Японцы часто пользовались услугами русской прессы, что позволяет говорить об относительной открытости японских интервентов русскому обществу на Дальнем Востоке. Через прессу давались опровержения антияпонских слухов, разъяснялись спорные моменты русско-японских отношений. Приморские газеты помогают отследить основные векторы и опорные точки диалога японцев с русской дальневосточной общественностью. В частности, интервенты стремились завоевать симпатии местного населения через благотворительность. В правой газете «Слово» за 28 июля 1920 г. в разделе «Хроника» была опубликована информация о безвозмездной продовольственной помощи японского командования работникам Уссурийской железной дороги «вследствие критического материального положения железнодорожников» [21, с. 3]. Бесплатная раздача продуктов вызвала сопротивление просоветских элементов, видевших в гуманитарной помощи «подачку» и «уловку» со стороны интервентов. Факт расклейки объявлений с призывами не принимать продукты взволновал японцев, которые поспешили от лица начальника Никольск-Уссурийского отделения военно-полевых сообщений заявить, что подобная «пропаганда исходит не от жел[езно].-дорожников, а от лиц ничего общего с ним не имеющих». В обращении к управляющему Уссурийской железной дороги сообщалось, что «большая часть служащих с радостью получила уже продукты», в то время, как «выявились такие лица, которые, желая постоянно чинить неприятности японскому командованию и для этого вселить среди других мирно настроенных железнодорожников враждебно-воинственный дух, подстрекали последних, употребляя при этом по адресу японского командования весьма не лестные эпитеты» [22, с. 3].

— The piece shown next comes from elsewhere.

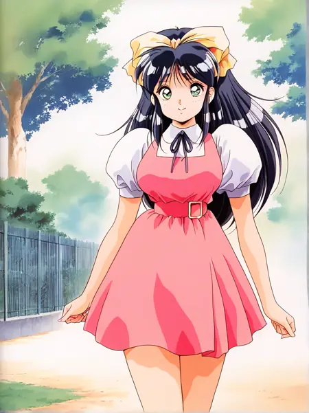 white shirt,ribbon tie,puffy_sleeves, short_sleeves, pink dress, pinafore dress, pink skirt,miniskirt,

Участники Гражданской войны, - к которым следует причислить и приморскую прессу всех направлений, - даже в полемике с иностранными интервентами не могут обойтись без обличений «внутреннего врага». Для левой прессы таким «внутренним врагом» были русские правые, которых выставлялись в неприглядной роли японских марионеток. Отношения японцев и русских «реакционеров» изображались отношениями «хозяина» и «подчинённого», при этом патриотическая патетика местных антибольшевиков едко высмеивалась. В заметки с названием «Японские "Мольтке" и их русские сподвижники» автор, укрывающийся под псевдонимом «Петроний», описывал контакты русских правых и японцев в конспирологических категориях. Резолюцию городской думы Хабаровска, направленную против социалистического владивостокского правительства Земской Управы, автор заметки называет «достойным произведением местных политиков толка Михаила Архангела, перешедшего в религию Микадо» [9, с. 1]. Приравнивание оппонентов к дореволюционным «черносотенцам» сопровождалось обвинениями в предательстве России. В действиях хабаровских думцев автор усматривал черты заговора в интересах иностранной державы: «Выполняется определенный план. Стратегически важный для наших друзей Хабаровск, а за ним линия Хабаровск-Никольск постепенно занимается "истинно русскими людьми" не без руководства какого-то генерального штаба. Работа эта не делает чести ни русским спасателям родины, ни агентам союзной и дружественной нам Японии, бесцеремонность которых на этот раз перешла всякие границы... » [9, с. 1].

Упорное желание видеть за поступками своих политических противников непосредственное влияние иностранного государства (в данном случае Японии) стоит признать характерной особенностью левой приморской публицистики. Однако, она не удивительна при сравнении с аналогичными полемическими приёмами зарубежных революционных сил. Истоки революционной «конспирологии» и «ксенофобии» уходят в декрет Законодательного собрания Франции «Отечество в опасности» (фр. La patrie en danger) от 11 июля 1792 года. Пафос борьбы молодой революционной государственности с внешним

врагом нуждается в образе предателя-соотечественника, чьи меркантильные интересы толкнули его на путь национальной измены. Примечательно, что в случае Дальнего Востока времён Гражданской войны эталоном «предателя» для левой публицистики стал «истинно-русский человек». Иначе говоря, ура-патриот по меркам дореволюционной, монархической России спустя 3 года после свержения монархии рассматривается уже как потенциальный или реальный «агент» иностранных держав.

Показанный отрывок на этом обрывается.